INPUT RECORDS START
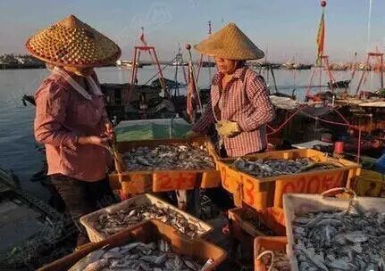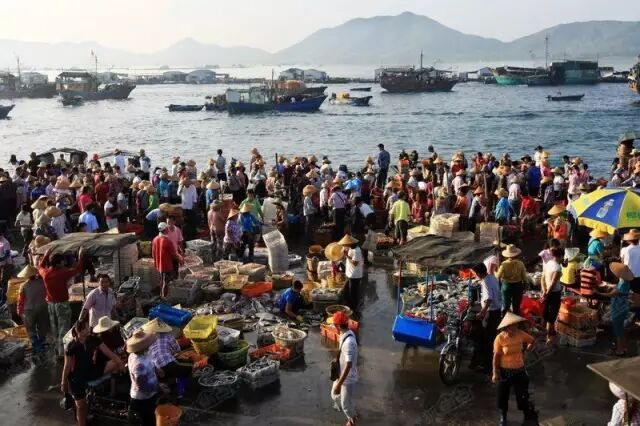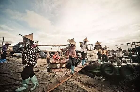 这里可以说是女人的天下,数百上千名“渔婆”集聚在儋州市白马井镇南司港码头,翘首以待渔船归来,当渔船满仓归来时,“渔婆”们蜂拥抢购鲜鱼,她们头戴或尖顶、或圆顶的竹编斗笠,脚穿各色水靴,肩挑扁担与箩筐,集聚在码头……
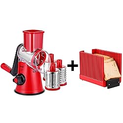 - Geedel Rotary Cheese Grater and Bread Slicer are the most reliable kitchen gadgets for you, you can get almost everything in these devices! Hand rotating and cutting to get everything done easily and safely, it's the fastest way to improve your health, get more energy with less calorie food and enjoy a healthier and easier life! ✅Both Cheese Grater and Bread Slicer are Easy Cleaning - The rotary grater and bread slicer are easy disassembling for speedy clean up, simply finish cleaning under running water in 2 minutes, also top dishwasher safe. ✅ Vegetable Grater and Bread Slicer are both made of food grade ABS matiral, NO BPA, which are safe to make recipes for your family and friends. ✅ Safe Operation - Never worry about touching blades with the grater while operating ever and the bread cutter provides a safely manner without exposing your fingers to knife injuries ✅ The cheese grater also features 3 interchangeable blades, to finish the slicing, shredding and fine shredding with ease. What's more, the cheese shredder cuts more efficiently, cutting 12 times faster than other conventional slicers. ✅ The bread slicer is ideal for bread, toast, bagel, loaf and sandwich, and more.Perfect for preparing your family's breakfast or baking with your friends and having fun! ✅The bundled cheese grater and bread slicer are both simple and easy to use and clean, you can save a lot of time preparing ingredients in the kitchen!
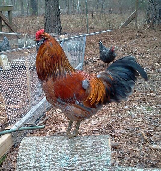 Personality: A young gun who is just realizing what all his duties are about, such as breaking up hen scuffles, facing off against the cats (that are on the other side of the fence), beginning the day at 5:30am, and lookin' good in the middle of the yard!
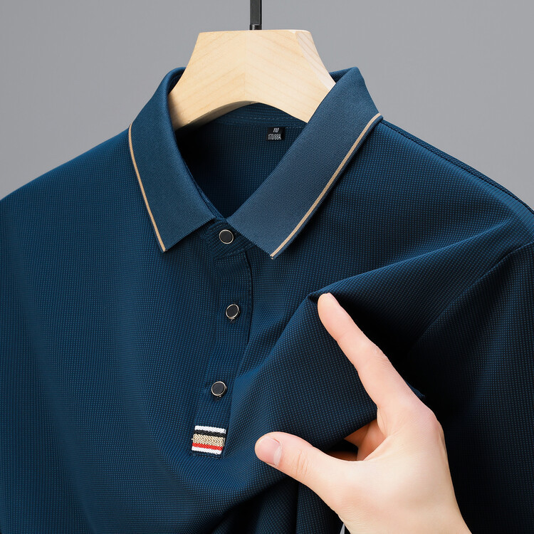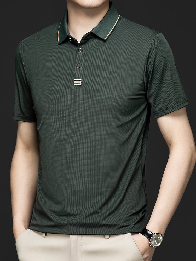 새로운 도착 2024 여름 비즈니스 신사 얇은 남자의 폴로 셔츠 줄무늬 짧은 소매 폴로 셔츠 남자의 티셔츠 탑
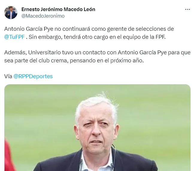 “Antonio García Pye no continuará como gerente de selecciones de la Federación Peruana de Fútbol. Sin embargo, tendrá otro cargo en el equipo de la FPF. Además, Universitario tuvo un contacto con Antonio García Pye para que sea parte del club crema, pensando en el próximo año”, reveló el periodista Jerónimo Macedo a través de su cuenta oficial de Twitter.
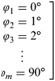 $\hskip-12pt\left[ {\matrix{ {\varphi _1 = 0{\curr { \char "000B0}}} \cr {\varphi _2 = 1{\curr { \char "000B0}}} \cr {\varphi _3 = 2{\curr { \char "000B0}}} \cr {\matrix{ \vdots \cr {\varphi _m = 90{\curr { \char "000B0}}} \cr}} \cr}} \right]$, degree intervals differ depending on how many intervals to m is decided.
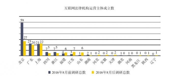 《报告》显示,2016年8月前调研的互联网法律机构涉及的互联网法律运营主体为129家,
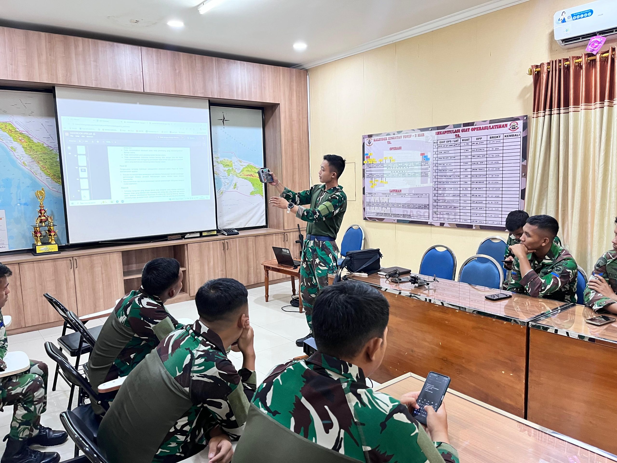 Materi pengenalan drone meliputi pengetahuan dasar tentang jenis-jenis drone, fungsi dan kegunaannya dalam operasi militer, serta pengenalan sistem pengoperasian dan pemanfaatannya untuk kepentingan pengintaian, pemantauan wilayah, dan dukungan tugas tempur di medan operasi. Para prajurit tampak antusias mengikuti setiap penjelasan yang disampaikan oleh pemateri.
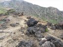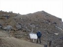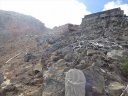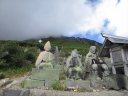 登山道には山頂に近づくにつれ噴石・火山灰・壊れた小屋・石像などが目に付き、黙祷。
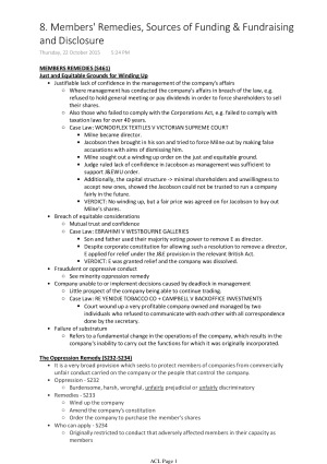 Summaries of lectures and tutorials for Applied Company Law Semester 2 of 2015. Useful for the 79014 exam.
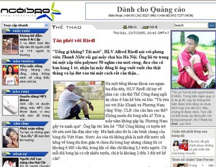 Trước hết, bài báo Tán gẫu với Riedl đăng trên Thanh Niên đăng ngay trong số báo có bài “Công nghệ xào nấu” siêu hạng của ngoisao.net, đã được ngoisao.net nhắm mắt "xào" lại theo một cách thức không đổi với tựa bài được đổi một cách bôi bác là Tán phét với Riedl. Việc thay đổi từ "tán gẫu" sang "tán phét" một cách tùy tiện đã đồng thời xúc phạm 2 người: HLV đội tuyển U.23 VN Riedl và tác giả Lan Phương.
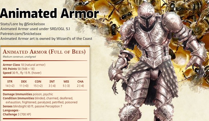 Hello, here is a sheet of Animated Armor that is full of bees. Please feel free to share this around and use it in your game. It is dumb, but I will not apologize. #DnD #Bees #5E pic.twitter.com/4qicec0Wop
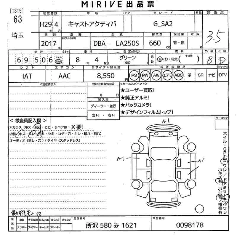 Статус выставлен на аукцион Лот 63 Аукцион MIRIVE Saitama Дата аукциона 28.01.2026
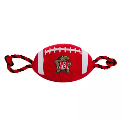 University of Maryland Football Rope Dog Toy. Shaped like a football with an embroidered team logo, this toy is made from durable nylon. It features colored rope on either side to provide pet parents with a better grip during tug-o-war, and also has a squeaker on the inside to keep your pup interested. Show off your team spirit and give your paw-tner a fun fetch or tug plaything with the Pets First Football Rope Dog Toy.
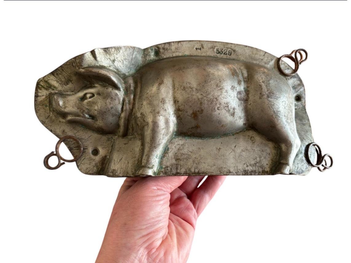 Antique chocolate mold of a pig made in Germany circa 1930.Walking or standing pig mold numbered 5329. Good luck pig probably made by Laurösch.For the collector of antique chocolate molds, gadget for chocolatier or butcher, pig collectible item.
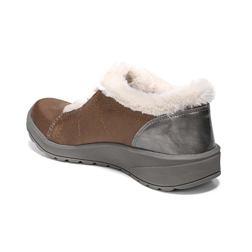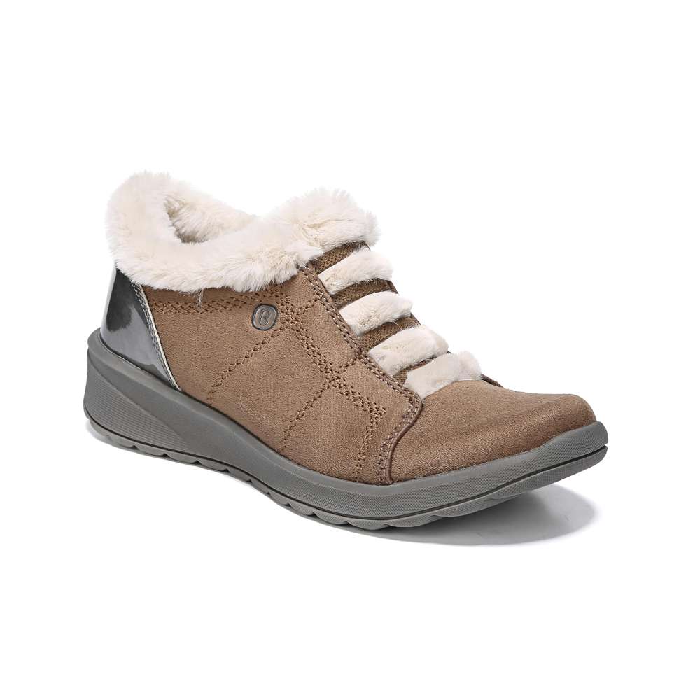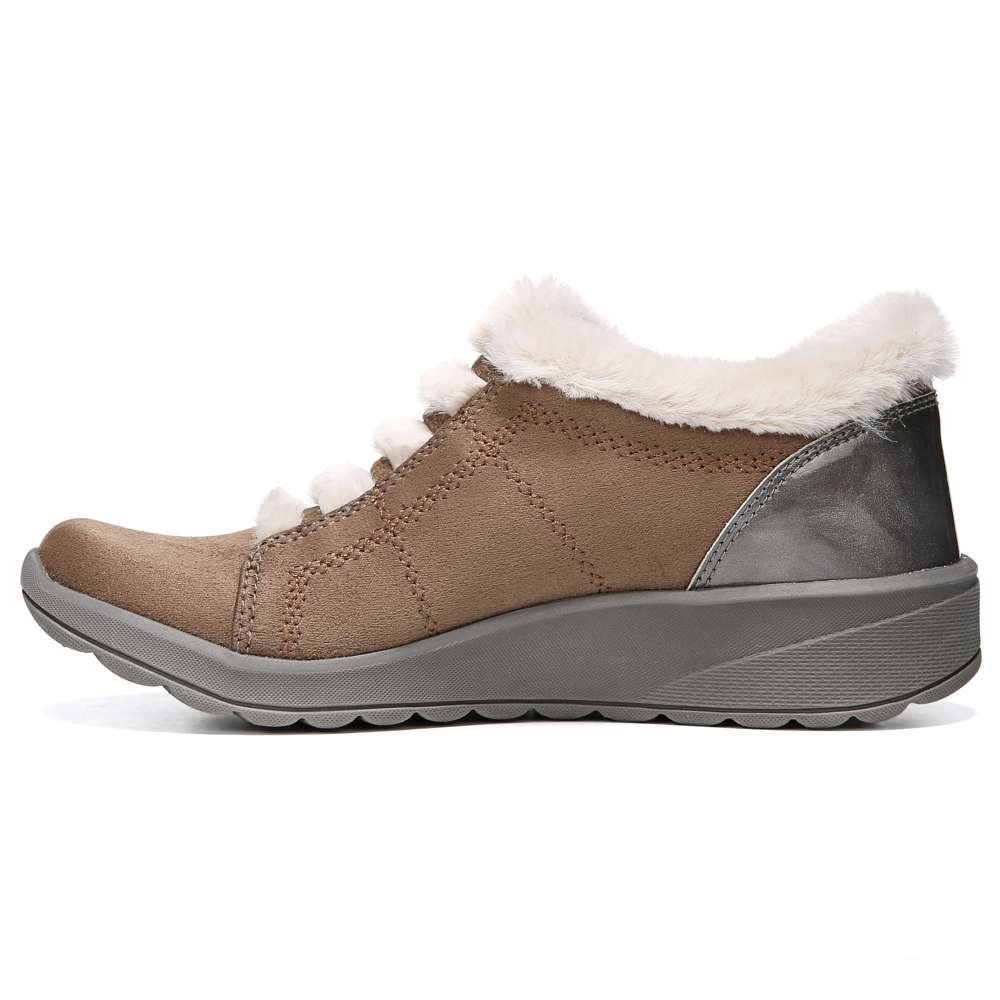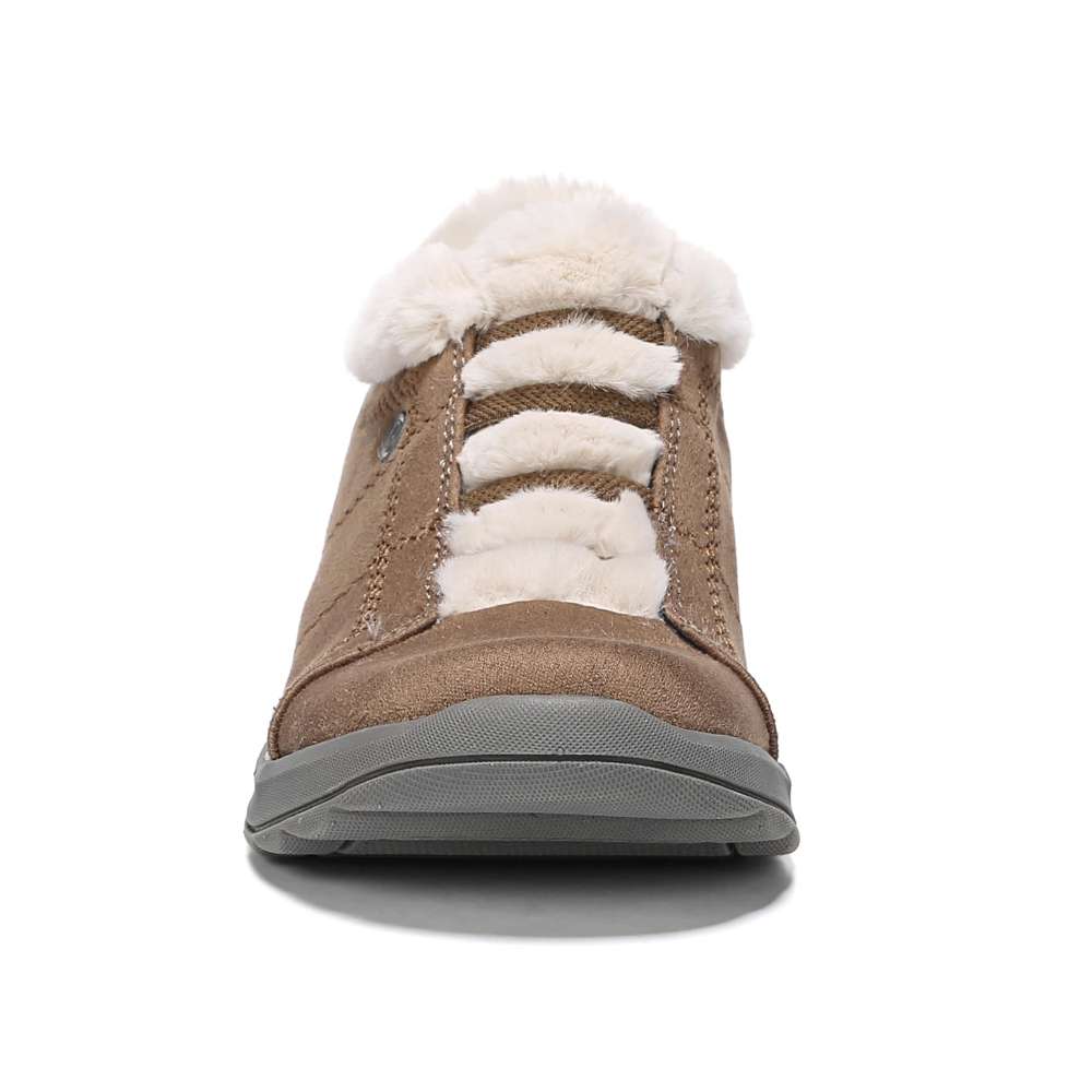 • Stretch fabric upper with faux fur lining in a casual bootie style with a round toe.
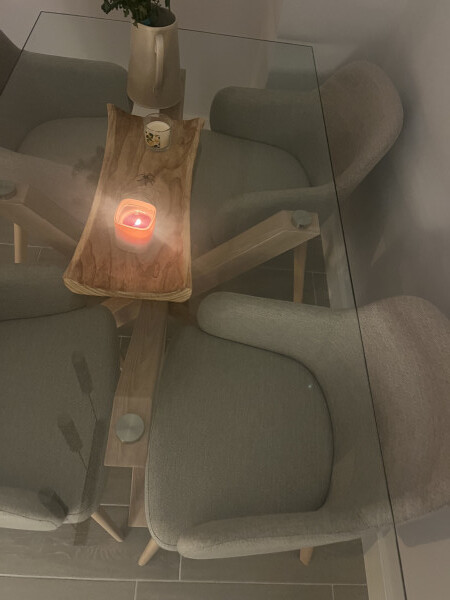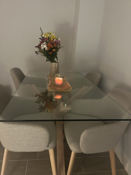 Mesa de comedor de cristal con patas de madera de la marca Kave Home. Tiene un pequeño defecto que apenas se aprecia en el cristal. Muy buen estado, apenas tiene un año de compra y muy poco uso
INPUT RECORDS END
EXERCISE INSTRUCTIONS
Where a record above holds a picture, drop the picture and print the rest exactly.

FINAL ANSWER
 这里可以说是女人的天下,数百上千名“渔婆”集聚在儋州市白马井镇南司港码头,翘首以待渔船归来,当渔船满仓归来时,“渔婆”们蜂拥抢购鲜鱼,她们头戴或尖顶、或圆顶的竹编斗笠,脚穿各色水靴,肩挑扁担与箩筐,集聚在码头……
 - Geedel Rotary Cheese Grater and Bread Slicer are the most reliable kitchen gadgets for you, you can get almost everything in these devices! Hand rotating and cutting to get everything done easily and safely, it's the fastest way to improve your health, get more energy with less calorie food and enjoy a healthier and easier life! ✅Both Cheese Grater and Bread Slicer are Easy Cleaning - The rotary grater and bread slicer are easy disassembling for speedy clean up, simply finish cleaning under running water in 2 minutes, also top dishwasher safe. ✅ Vegetable Grater and Bread Slicer are both made of food grade ABS matiral, NO BPA, which are safe to make recipes for your family and friends. ✅ Safe Operation - Never worry about touching blades with the grater while operating ever and the bread cutter provides a safely manner without exposing your fingers to knife injuries ✅ The cheese grater also features 3 interchangeable blades, to finish the slicing, shredding and fine shredding with ease. What's more, the cheese shredder cuts more efficiently, cutting 12 times faster than other conventional slicers. ✅ The bread slicer is ideal for bread, toast, bagel, loaf and sandwich, and more.Perfect for preparing your family's breakfast or baking with your friends and having fun! ✅The bundled cheese grater and bread slicer are both simple and easy to use and clean, you can save a lot of time preparing ingredients in the kitchen!
 Personality: A young gun who is just realizing what all his duties are about, such as breaking up hen scuffles, facing off against the cats (that are on the other side of the fence), beginning the day at 5:30am, and lookin' good in the middle of the yard!
 새로운 도착 2024 여름 비즈니스 신사 얇은 남자의 폴로 셔츠 줄무늬 짧은 소매 폴로 셔츠 남자의 티셔츠 탑
 “Antonio García Pye no continuará como gerente de selecciones de la Federación Peruana de Fútbol. Sin embargo, tendrá otro cargo en el equipo de la FPF. Además, Universitario tuvo un contacto con Antonio García Pye para que sea parte del club crema, pensando en el próximo año”, reveló el periodista Jerónimo Macedo a través de su cuenta oficial de Twitter.
 $\hskip-12pt\left[ {\matrix{ {\varphi _1 = 0{\curr { \char "000B0}}} \cr {\varphi _2 = 1{\curr { \char "000B0}}} \cr {\varphi _3 = 2{\curr { \char "000B0}}} \cr {\matrix{ \vdots \cr {\varphi _m = 90{\curr { \char "000B0}}} \cr}} \cr}} \right]$, degree intervals differ depending on how many intervals to m is decided.
 《报告》显示,2016年8月前调研的互联网法律机构涉及的互联网法律运营主体为129家,
 Materi pengenalan drone meliputi pengetahuan dasar tentang jenis-jenis drone, fungsi dan kegunaannya dalam operasi militer, serta pengenalan sistem pengoperasian dan pemanfaatannya untuk kepentingan pengintaian, pemantauan wilayah, dan dukungan tugas tempur di medan operasi. Para prajurit tampak antusias mengikuti setiap penjelasan yang disampaikan oleh pemateri.
 登山道には山頂に近づくにつれ噴石・火山灰・壊れた小屋・石像などが目に付き、黙祷。
 Summaries of lectures and tutorials for Applied Company Law Semester 2 of 2015. Useful for the 79014 exam.
 Trước hết, bài báo Tán gẫu với Riedl đăng trên Thanh Niên đăng ngay trong số báo có bài “Công nghệ xào nấu” siêu hạng của ngoisao.net, đã được ngoisao.net nhắm mắt "xào" lại theo một cách thức không đổi với tựa bài được đổi một cách bôi bác là Tán phét với Riedl. Việc thay đổi từ "tán gẫu" sang "tán phét" một cách tùy tiện đã đồng thời xúc phạm 2 người: HLV đội tuyển U.23 VN Riedl và tác giả Lan Phương.
 Hello, here is a sheet of Animated Armor that is full of bees. Please feel free to share this around and use it in your game. It is dumb, but I will not apologize. #DnD #Bees #5E pic.twitter.com/4qicec0Wop
 Статус выставлен на аукцион Лот 63 Аукцион MIRIVE Saitama Дата аукциона 28.01.2026
 University of Maryland Football Rope Dog Toy. Shaped like a football with an embroidered team logo, this toy is made from durable nylon. It features colored rope on either side to provide pet parents with a better grip during tug-o-war, and also has a squeaker on the inside to keep your pup interested. Show off your team spirit and give your paw-tner a fun fetch or tug plaything with the Pets First Football Rope Dog Toy.
 Antique chocolate mold of a pig made in Germany circa 1930.Walking or standing pig mold numbered 5329. Good luck pig probably made by Laurösch.For the collector of antique chocolate molds, gadget for chocolatier or butcher, pig collectible item.
 • Stretch fabric upper with faux fur lining in a casual bootie style with a round toe.
 Mesa de comedor de cristal con patas de madera de la marca Kave Home. Tiene un pequeño defecto que apenas se aprecia en el cristal. Muy buen estado, apenas tiene un año de compra y muy poco uso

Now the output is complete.